> **DIRECTIONS FOR THIS TASK**: Before you write out the listing, remove the pictures; everything else stays exactly as it is.

> **DATA**:
★ ★ ★ ★ ★ ★ ★

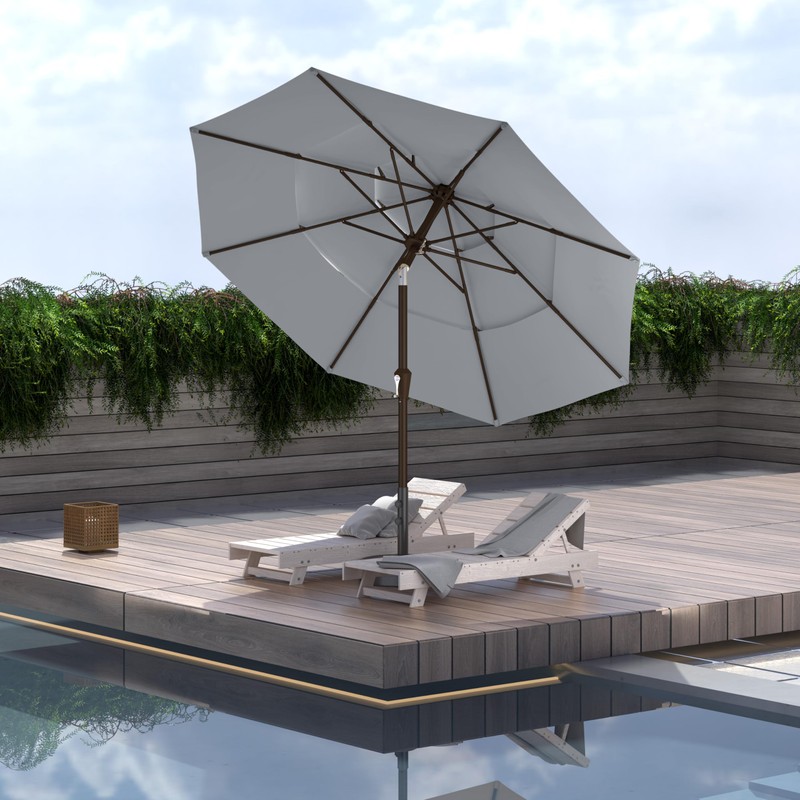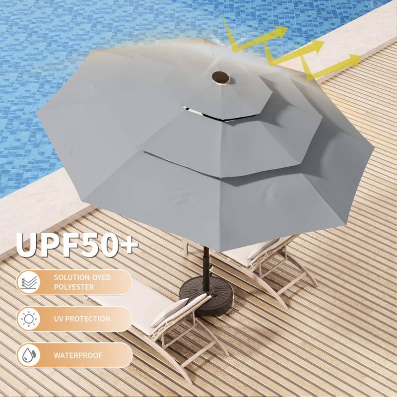 9ft 3-Tier Large Outdoor Patio Umbrella Market Table Umbrella-UV Resistant,Easy Push Button Tilt and Crank,8 Sturdy Fiberglass Ribs Heavy-Duty Pool Umbrella for Deck,Backyard,Garden,Yard,Light Gray
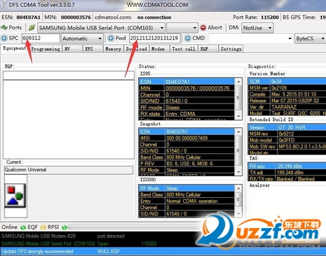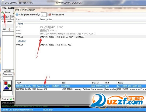 3,PC上打开DFS,选择三星DIAG端口,并连接
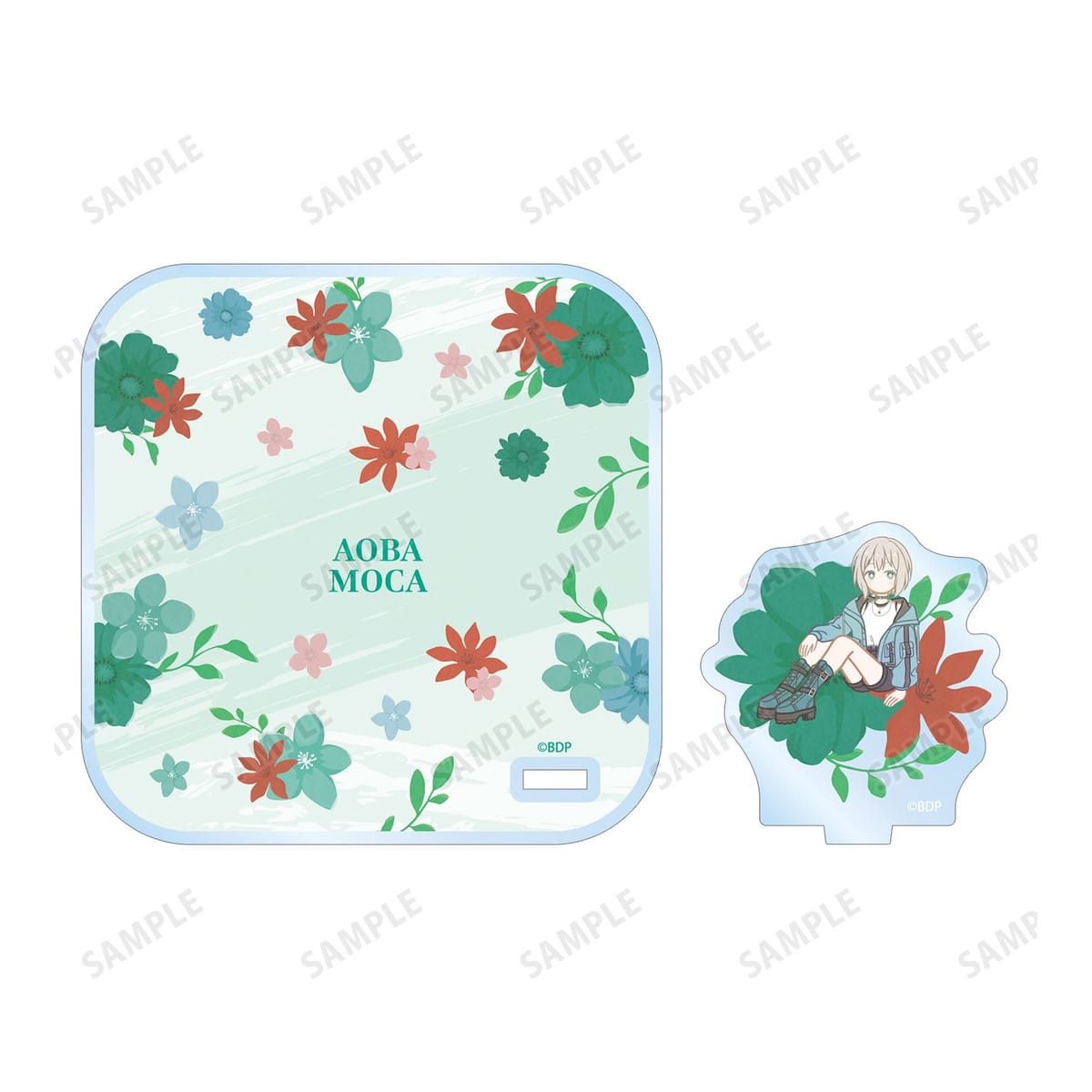 青葉 モカのイラストをボタニカルデザインに落とし込んで繊細なタッチで新たに描き起こし、アクリルスタンド付きコースターに仕上げました。

★ ★ ★ ★ ★ ★ ★

> **EXPECTED ANSWER**:
 9ft 3-Tier Large Outdoor Patio Umbrella Market Table Umbrella-UV Resistant,Easy Push Button Tilt and Crank,8 Sturdy Fiberglass Ribs Heavy-Duty Pool Umbrella for Deck,Backyard,Garden,Yard,Light Gray
 3,PC上打开DFS,选择三星DIAG端口,并连接
 青葉 モカのイラストをボタニカルデザインに落とし込んで繊細なタッチで新たに描き起こし、アクリルスタンド付きコースターに仕上げました。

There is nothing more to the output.